DESCRIPTION OF THE TASK: Transcribe exactly the lines below that begin at the line with "Compartimentarea casei este" and stop after the line with "每年夏天,因為天氣炎熱猴群不", leaving out every picture.

RECORDS SUPPLIED:
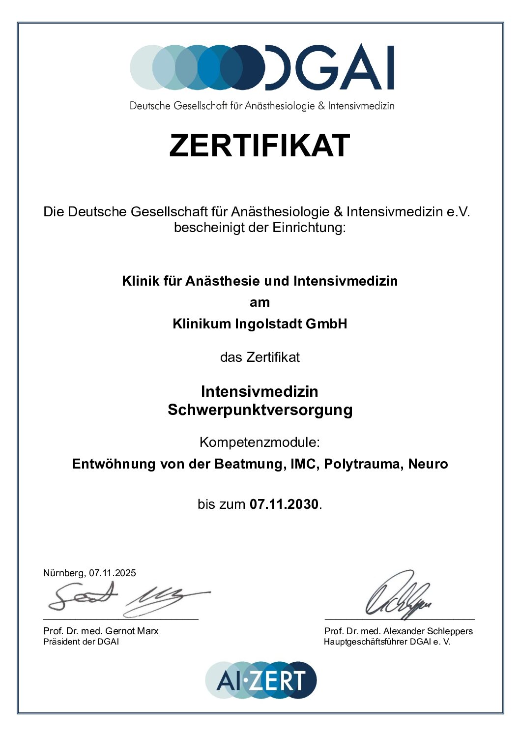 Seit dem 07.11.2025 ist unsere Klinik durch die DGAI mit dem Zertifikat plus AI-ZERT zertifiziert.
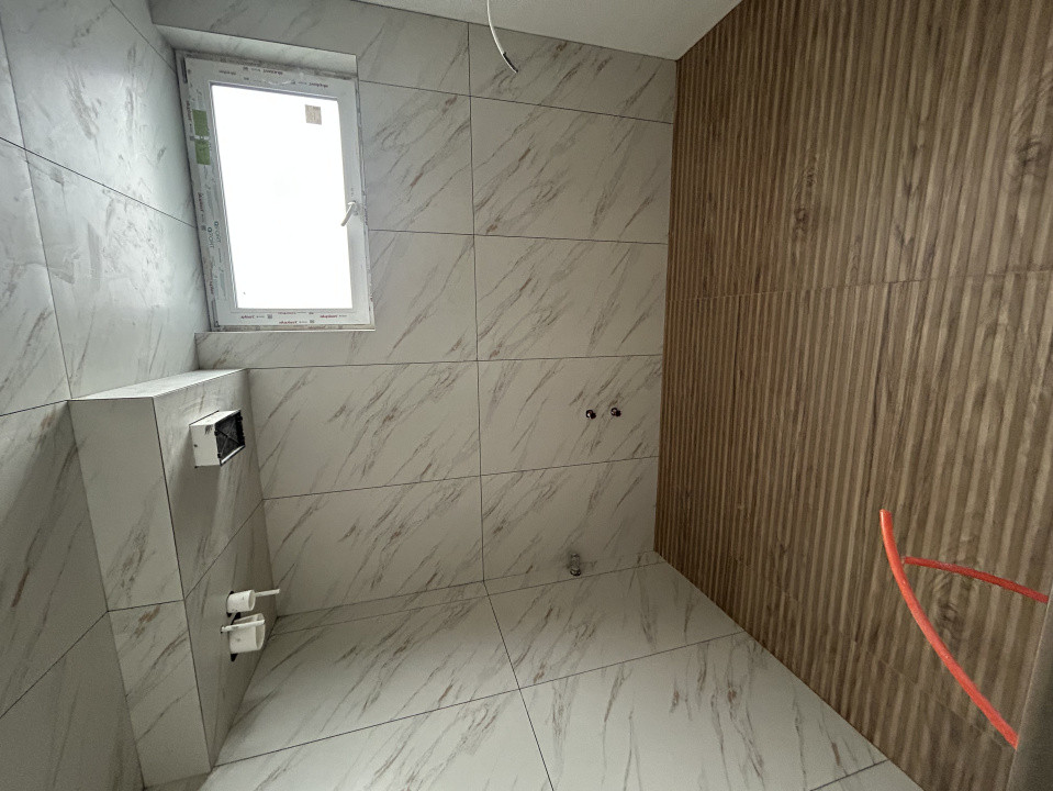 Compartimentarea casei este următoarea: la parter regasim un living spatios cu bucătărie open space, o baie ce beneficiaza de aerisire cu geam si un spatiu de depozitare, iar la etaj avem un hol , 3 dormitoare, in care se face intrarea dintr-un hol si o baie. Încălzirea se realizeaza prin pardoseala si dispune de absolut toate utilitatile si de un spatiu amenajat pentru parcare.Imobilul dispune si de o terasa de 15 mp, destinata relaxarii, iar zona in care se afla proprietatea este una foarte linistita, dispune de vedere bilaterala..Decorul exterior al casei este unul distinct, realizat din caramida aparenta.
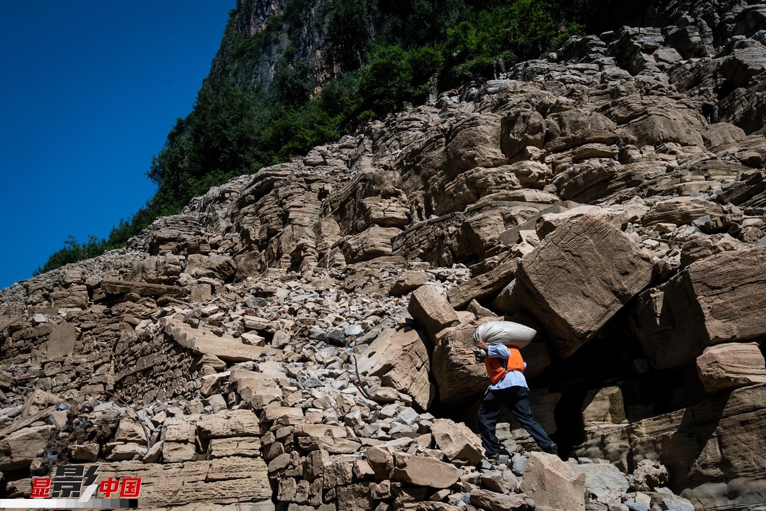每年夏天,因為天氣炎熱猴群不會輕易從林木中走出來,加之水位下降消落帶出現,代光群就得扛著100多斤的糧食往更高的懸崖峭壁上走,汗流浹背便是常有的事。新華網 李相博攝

...

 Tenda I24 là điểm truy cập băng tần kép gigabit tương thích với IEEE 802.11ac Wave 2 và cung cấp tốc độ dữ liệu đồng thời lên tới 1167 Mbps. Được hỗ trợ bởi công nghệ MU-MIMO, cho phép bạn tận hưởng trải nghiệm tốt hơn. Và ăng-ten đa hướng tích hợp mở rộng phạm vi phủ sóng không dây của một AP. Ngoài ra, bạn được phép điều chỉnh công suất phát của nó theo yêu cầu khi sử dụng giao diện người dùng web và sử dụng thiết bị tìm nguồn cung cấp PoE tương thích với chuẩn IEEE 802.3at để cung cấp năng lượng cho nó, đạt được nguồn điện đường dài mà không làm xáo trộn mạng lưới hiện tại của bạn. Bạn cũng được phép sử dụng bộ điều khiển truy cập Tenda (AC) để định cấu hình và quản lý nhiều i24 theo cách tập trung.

SOLUTION TO THIS TASK:
 Compartimentarea casei este următoarea: la parter regasim un living spatios cu bucătărie open space, o baie ce beneficiaza de aerisire cu geam si un spatiu de depozitare, iar la etaj avem un hol , 3 dormitoare, in care se face intrarea dintr-un hol si o baie. Încălzirea se realizeaza prin pardoseala si dispune de absolut toate utilitatile si de un spatiu amenajat pentru parcare.Imobilul dispune si de o terasa de 15 mp, destinata relaxarii, iar zona in care se afla proprietatea este una foarte linistita, dispune de vedere bilaterala..Decorul exterior al casei este unul distinct, realizat din caramida aparenta.
每年夏天,因為天氣炎熱猴群不會輕易從林木中走出來,加之水位下降消落帶出現,代光群就得扛著100多斤的糧食往更高的懸崖峭壁上走,汗流浹背便是常有的事。新華網 李相博攝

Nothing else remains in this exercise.